== What you need to do ==
Retype the lines of the material below, exactly and only, from the one containing "200-240 grams cultiven" through the last line, with pictures left out.

- - - -

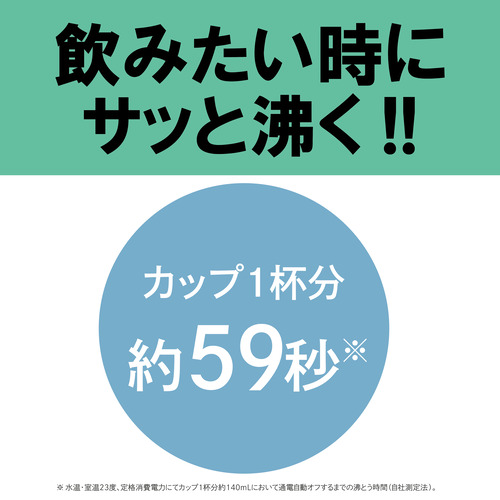 タイガー独自技術により、とっ手部分にある蒸気検知センサーまで、蒸気を最短経路で誘導。素早く蒸気を検知し、沸とうしたらすぐに電源オフすることで、スピード沸とうを実現。忙しい朝や、急な来客、慌ただしい家事の合間にもお湯が驚きの速さですぐに沸かせます。※水温・室温23度。定格消費電力にて、カップ1杯分約140mLにおいて通電自動オフするまでの沸とう時間(自社測定法)。
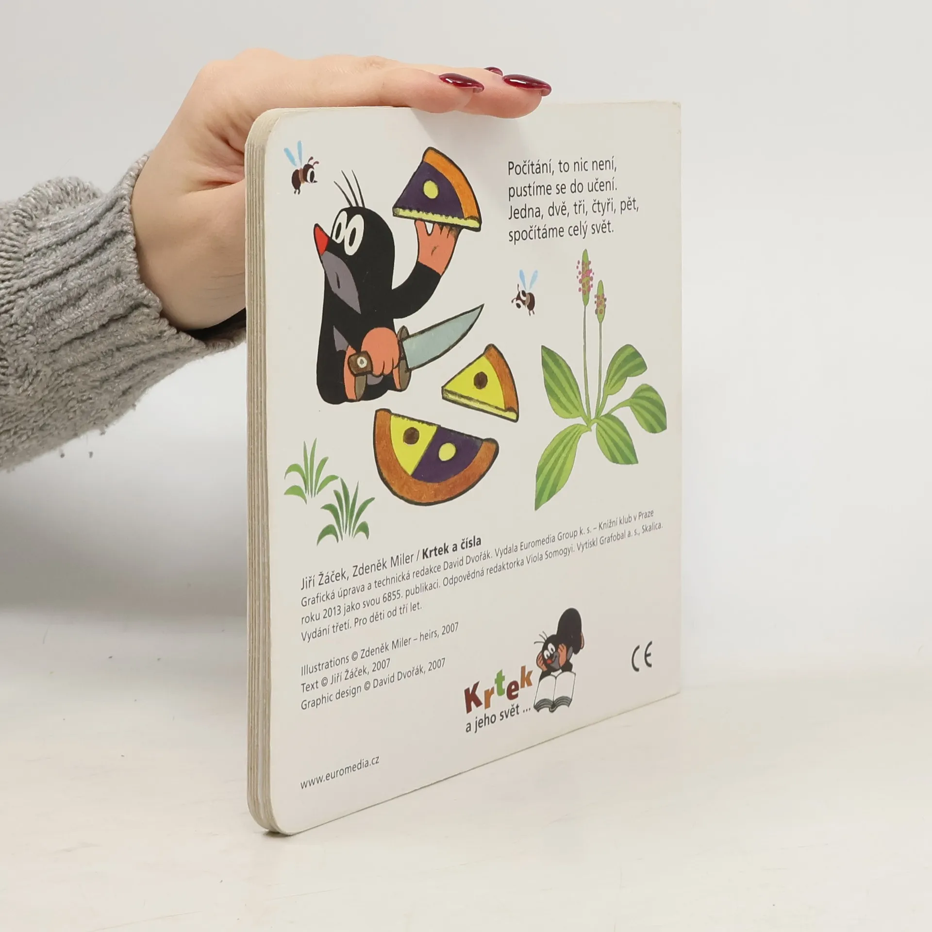 V páté z řady půvabných knížek pro ty nejmenší, kteří se teprve začínají seznamovat s taji čtení, psaní a počítání, radí Krtek a jeho kamarádi dětem, jak si poradit s počítáním. Číslovky od 1 do 10 si malí matematici mohou osvojit na zvířátkách a věcech z Krtkova světa. Kromě oblíbených živých ilustraci Zdeňka Milera jim v tom napomohou i vynalézavé verše Jiřího Žáčka.
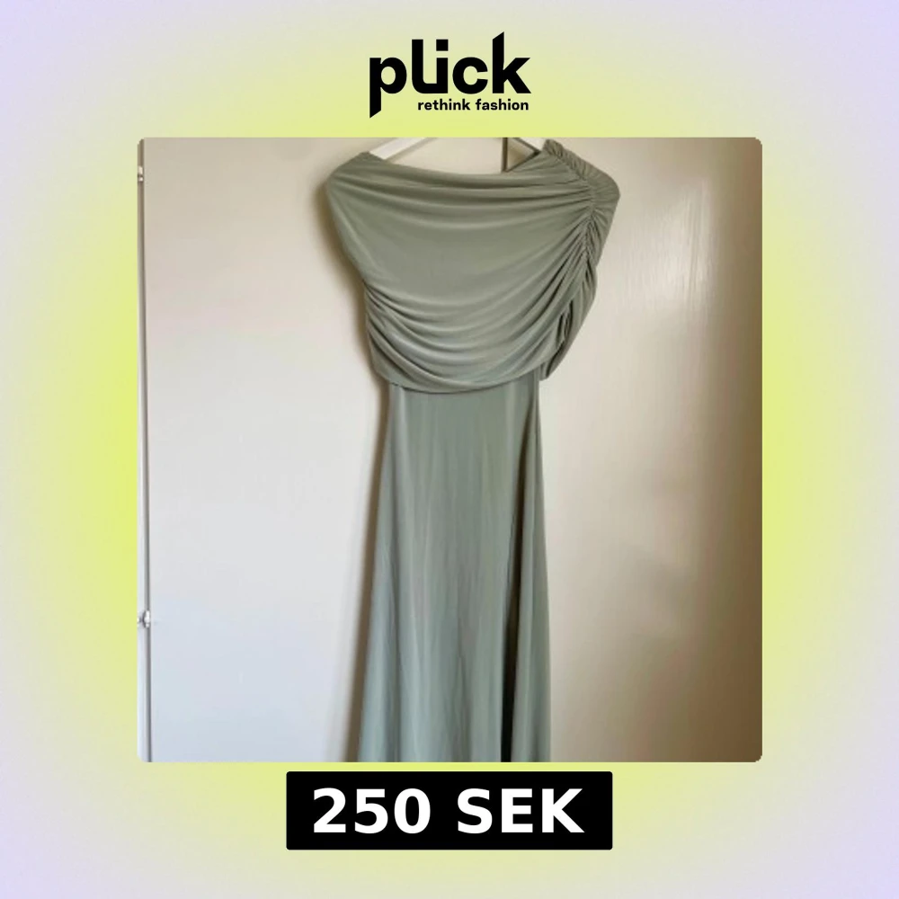 Snygg ljusgrön långklänning med en axel och draperad överdel. Klänningen har en elegant, flowy siluett och är tillverkad i ett mjukt, slätt material som faller fint. Perfekt för dig som vill sticka ut med en stilren och modern look. Oanvänd
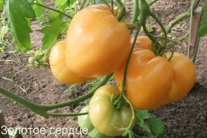 200-240 grams cultiven bells tomàquets grocs amb el nom original Golden Heart. La varietat es distingeix per la maduració primerenca, les plantes compactes i la cura sense pretensions.
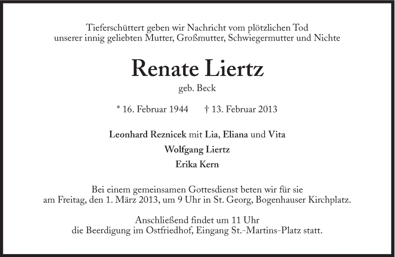 Hier finden Sie alle Traueranzeigen aus der Zeitung, die bisher für Renate Liertz erschienen sind. Weitere Traueranzeigen, die in der Zeitung erscheinen, werden hier ebenfalls aufgelistet
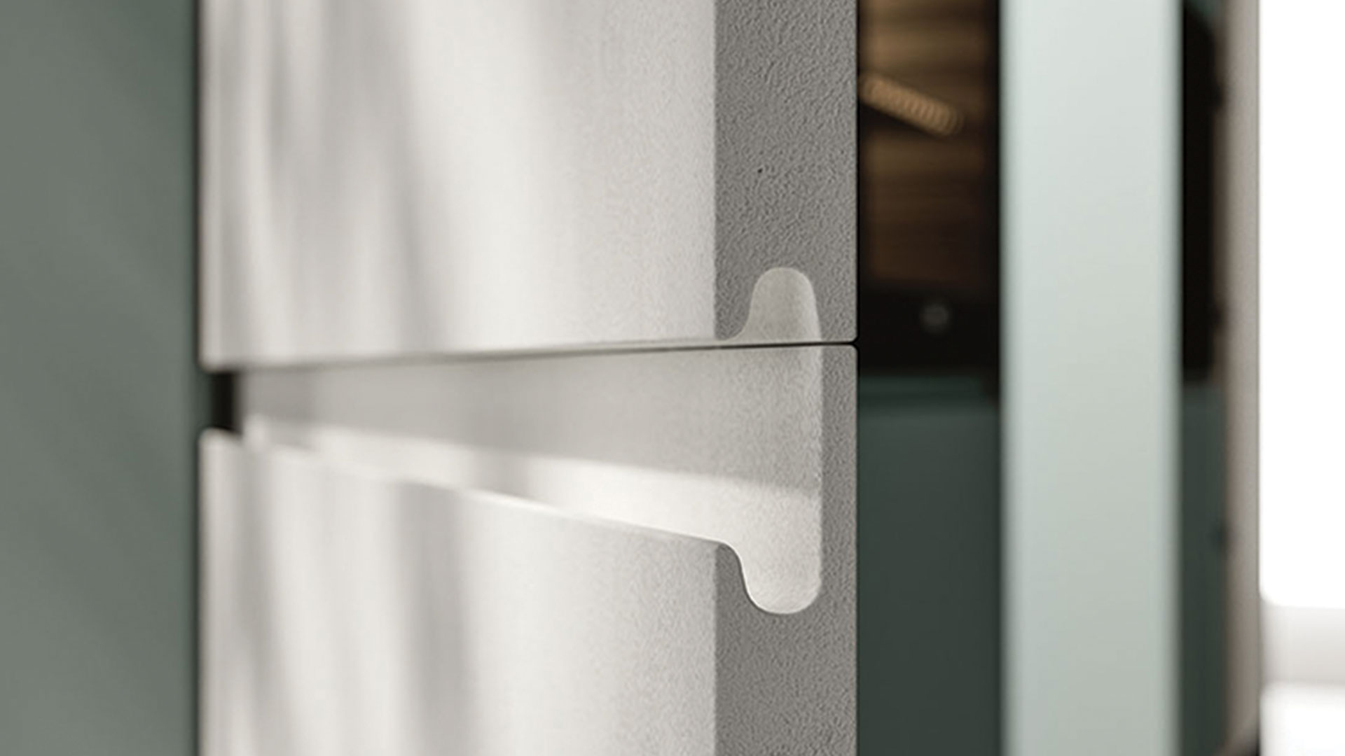 Le ante lisce senza maniglia visibile offrono un'estetica pulita e minimalista che si integra armoniosamente in qualsiasi spazio moderno. La maniglia J-Pull, discretamente integrata nel profilo dell'anta, aggiunge un tocco di modernità senza compromettere la linearità del design.
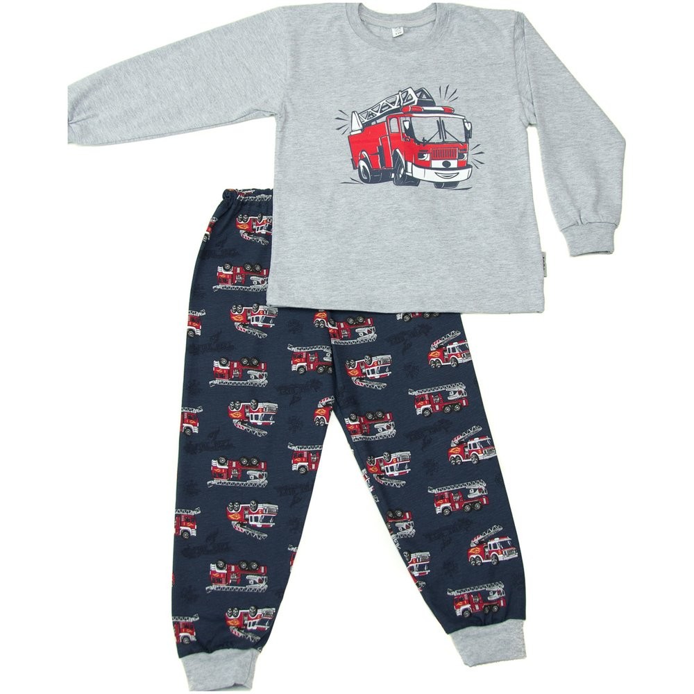 Pamut téli pizsamaaktív fiúknak. Sötétkék felső tűzoltóautó mintával, világosszürke nadrággal. A szürke felső része, nagy tűzoltóautó-mintával, nadrág egészíti ki játékautó-mintával. Mindez kellemes anyagból a nyugodt alvásért. Az ujjak és a lábak rugalmas, kényelmes mandzsettával vannak befejezve.

- - - -

== Solution to the problem ==
 200-240 grams cultiven bells tomàquets grocs amb el nom original Golden Heart. La varietat es distingeix per la maduració primerenca, les plantes compactes i la cura sense pretensions.
 Hier finden Sie alle Traueranzeigen aus der Zeitung, die bisher für Renate Liertz erschienen sind. Weitere Traueranzeigen, die in der Zeitung erscheinen, werden hier ebenfalls aufgelistet
 Le ante lisce senza maniglia visibile offrono un'estetica pulita e minimalista che si integra armoniosamente in qualsiasi spazio moderno. La maniglia J-Pull, discretamente integrata nel profilo dell'anta, aggiunge un tocco di modernità senza compromettere la linearità del design.
 Pamut téli pizsamaaktív fiúknak. Sötétkék felső tűzoltóautó mintával, világosszürke nadrággal. A szürke felső része, nagy tűzoltóautó-mintával, nadrág egészíti ki játékautó-mintával. Mindez kellemes anyagból a nyugodt alvásért. Az ujjak és a lábak rugalmas, kényelmes mandzsettával vannak befejezve.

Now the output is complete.